As he turned to face Celia again, however, a blinding white light consumed him, wrapping around him to return him to the present. It set him down heavily in his living room. The same one he had left, in the house he had rented when Celia asked for a divorce. His heart dropped, cracking in two when he realized this. He dropped his head into his hands as he set with his back against the wall, mourning the loss of the love of his life once more.

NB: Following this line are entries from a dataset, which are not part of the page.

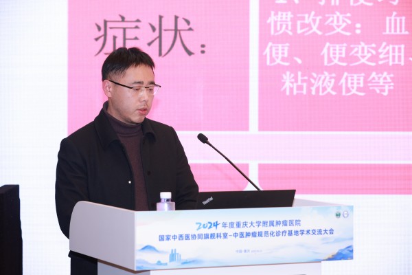 董江川主任介绍重大附属肿瘤医院中西医协同旗舰科室的建设实践,提出以“一网一链”为依托,深化科研教学、人才培养及区域合作,推动中医肿瘤诊疗规范化。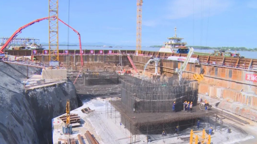 接受著高溫“烤”驗(yàn)的還有工程建設(shè)者。在世界上首座雙層斜拉懸索協(xié)作體系大橋——G3銅陵長(zhǎng)江公鐵大橋的項(xiàng)目工地上,建筑工人正貓著腰穿梭在相當(dāng)于8個(gè)籃球場(chǎng)大的鋼圍堰承臺(tái)間,綁扎鋼筋、澆筑混凝土。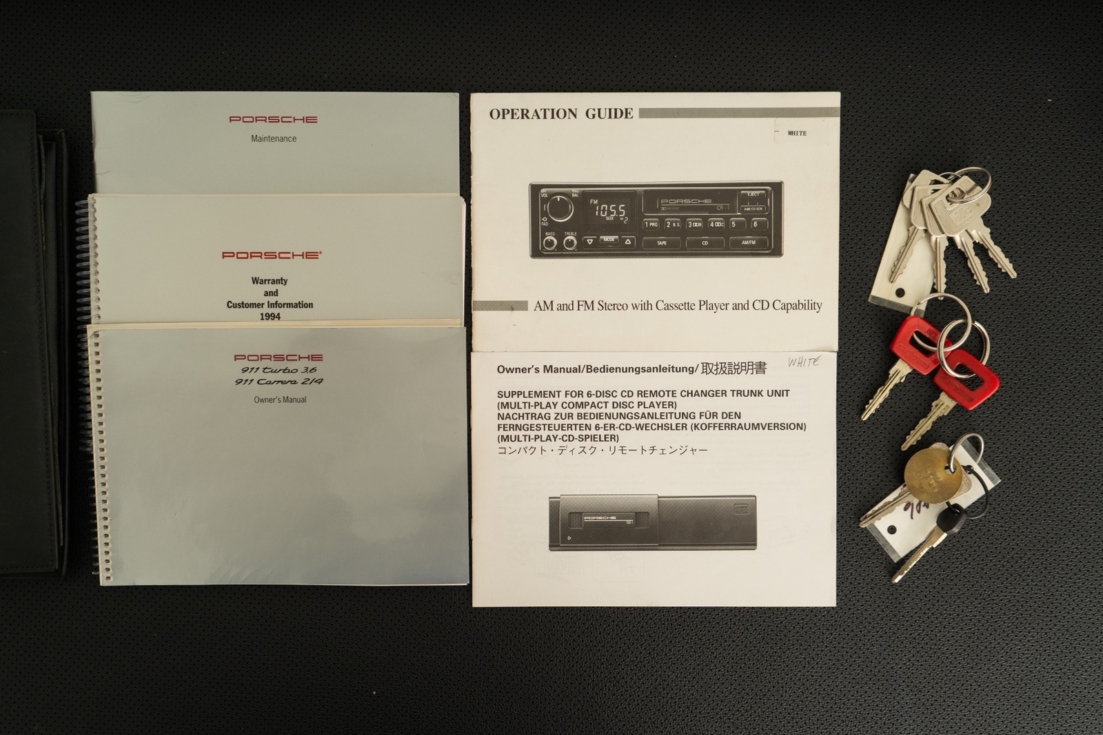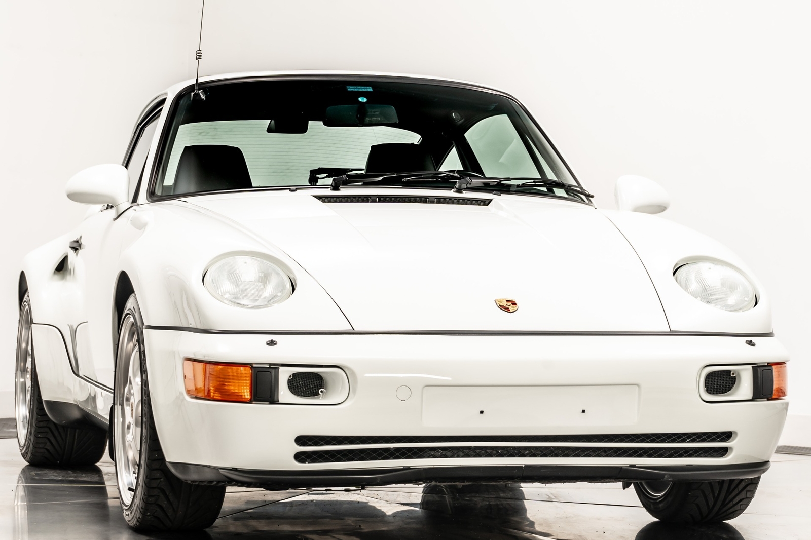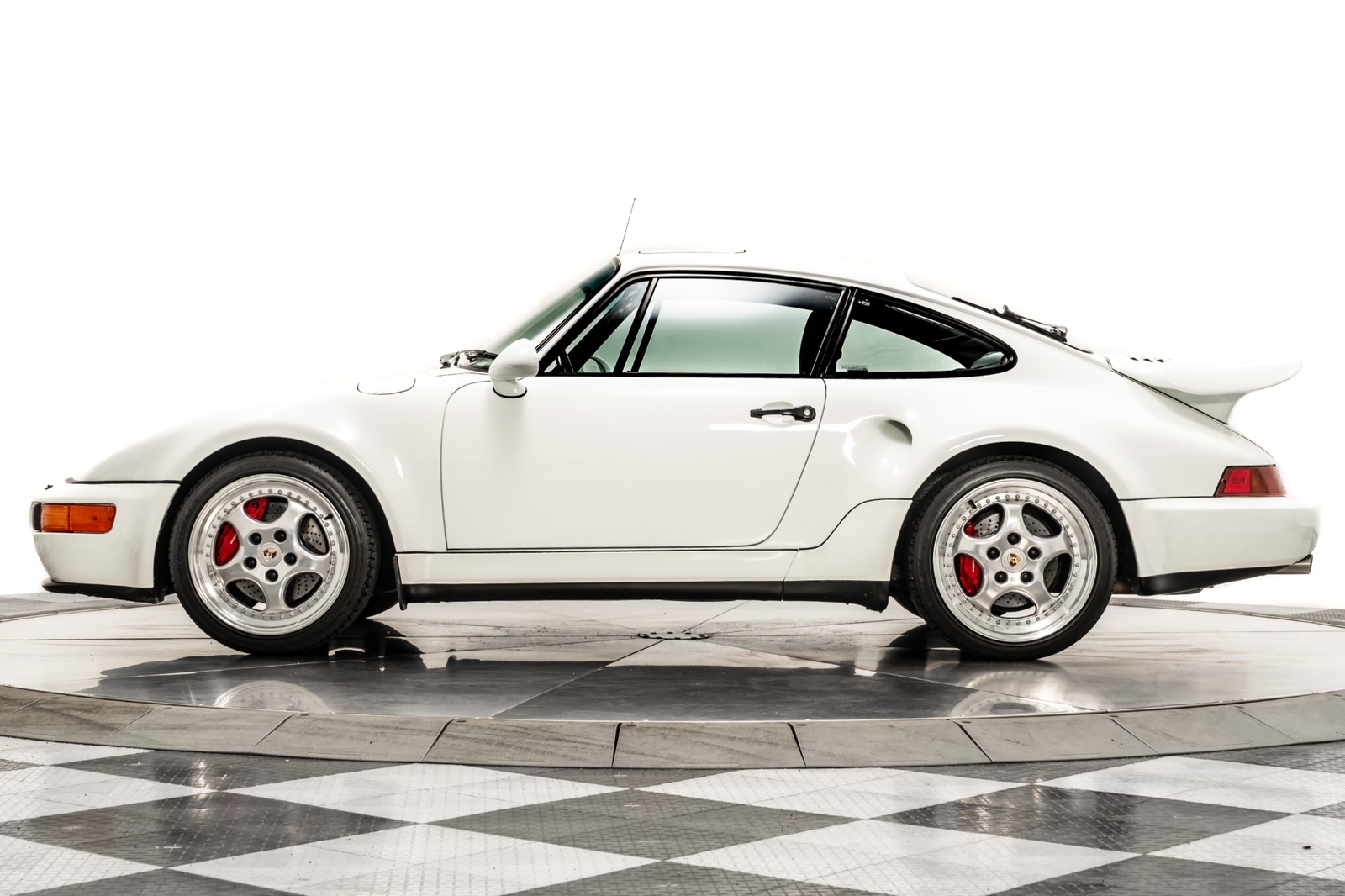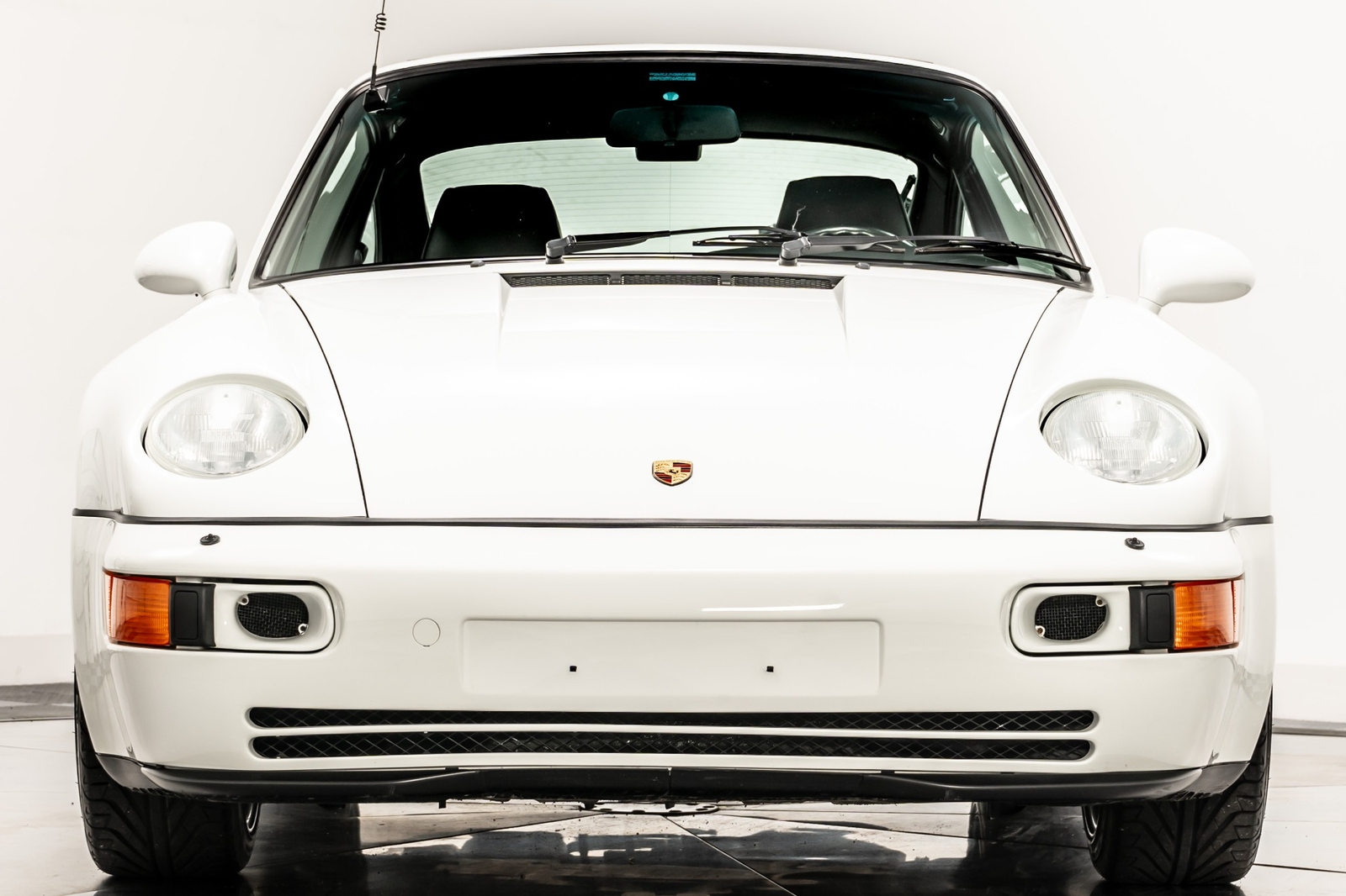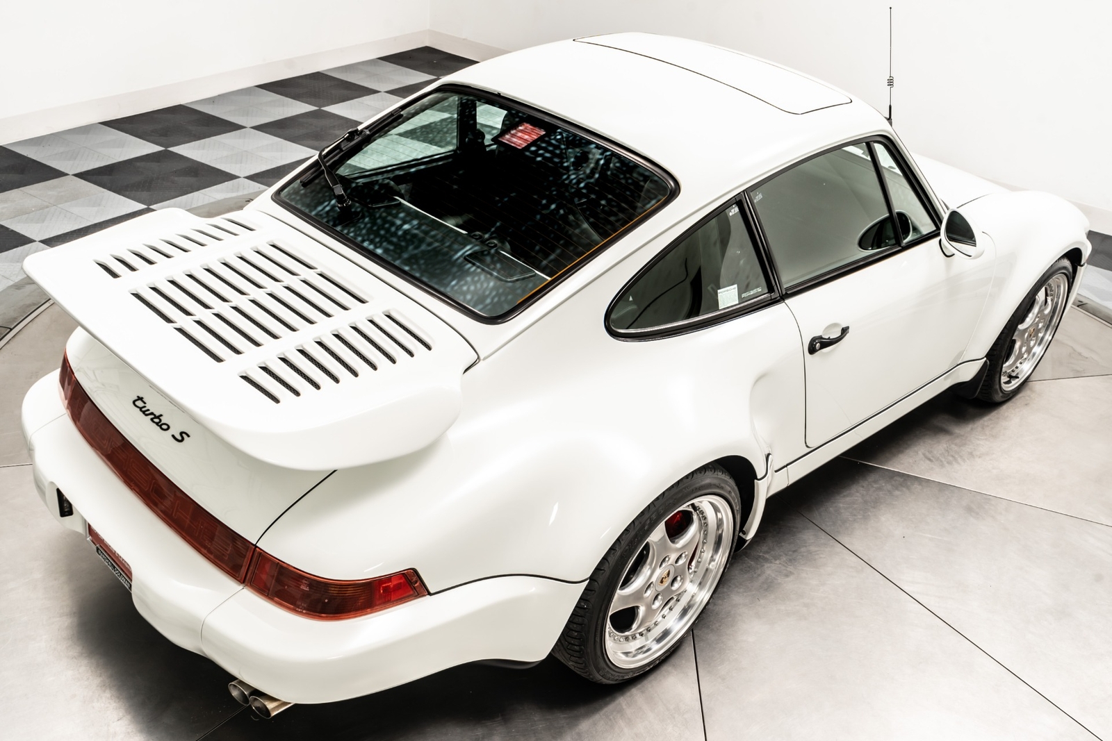 We have just added to our extensive exotic car inventory a beautiful 1994 Porsche 911 Turbo S Flatnose in Grand Prix White over Black leather interior and only 18,311 miles. This Turbo is loaded with: Turbo S package (3.6 liter turbocharged flat six with higher flow turbo, cylinder heads with ported intake ports, ported injector blocks, ported intake manifold and larger camshafts, flatnose conversion with pop-up headlamps, front bumper cooling scoops, quarter panel scoops, rear wing with integrated lip, quad exhaust tips), 5 speed manual transmission, 18 inch Speedline wheels with polished centers, center caps with colored Porsche crests, 12 way power driver and passenger seats with heating, RARE factory cellular telephone with optional console, SUPER RARE Studio cloth seat and door panel inserts (a whopping $141 option!), sunroof, AM/FM/cassette with 6 CD changer, dark rootwood shifter and handbrake handles, dark rootwood dash inserts, full leather interior, velour floor mats, leather gauge trim rings, rear window wiper, electric sunroof, the original window sticker, all books, the original salesman's business card, tools, inflator and more. All of the original markings are on the glass and all body tags are in place. There were only 76 of these built for the world and this is one of the nicest and most unusual ever built.

Then it happened. A voice rose up from the kitchen, “Billy, is it that you? Are you playing fetch inside again?” William’s heart jumped back together, gluing itself back into a whole, as he heard footsteps headed his way. Looking up, he broke into the loudest, most bellyaching laughter of his life. There before him stood his lovely wife, her blue, blue eyes staring down at him in confusion. They had a dog. And a house, not their dingy little apartment. When his eyes roamed from her face down, they widened as they landed on her belly.

Baby Darby was happening after all.

“Oh, stop it, Billy!” Celia chuckled, smacking his head in her playful, loving manner. “You don’t have to tell me every time I walk into the room how stunning I look pregnant. Dinner’s almost ready. Why don’t you come help me finish up?”

Her voice trailed off as she left the room, poor William still shocked on the ground. After a brief moment’s pause and reflection—it had actually worked after all!—he pulled himself to his feet and followed her into the kitchen. He would not waste his second chance at a happy family.

No matter what it took.


The prompt: a character who has nothing to lose, with the ability to go back in time and change one thing.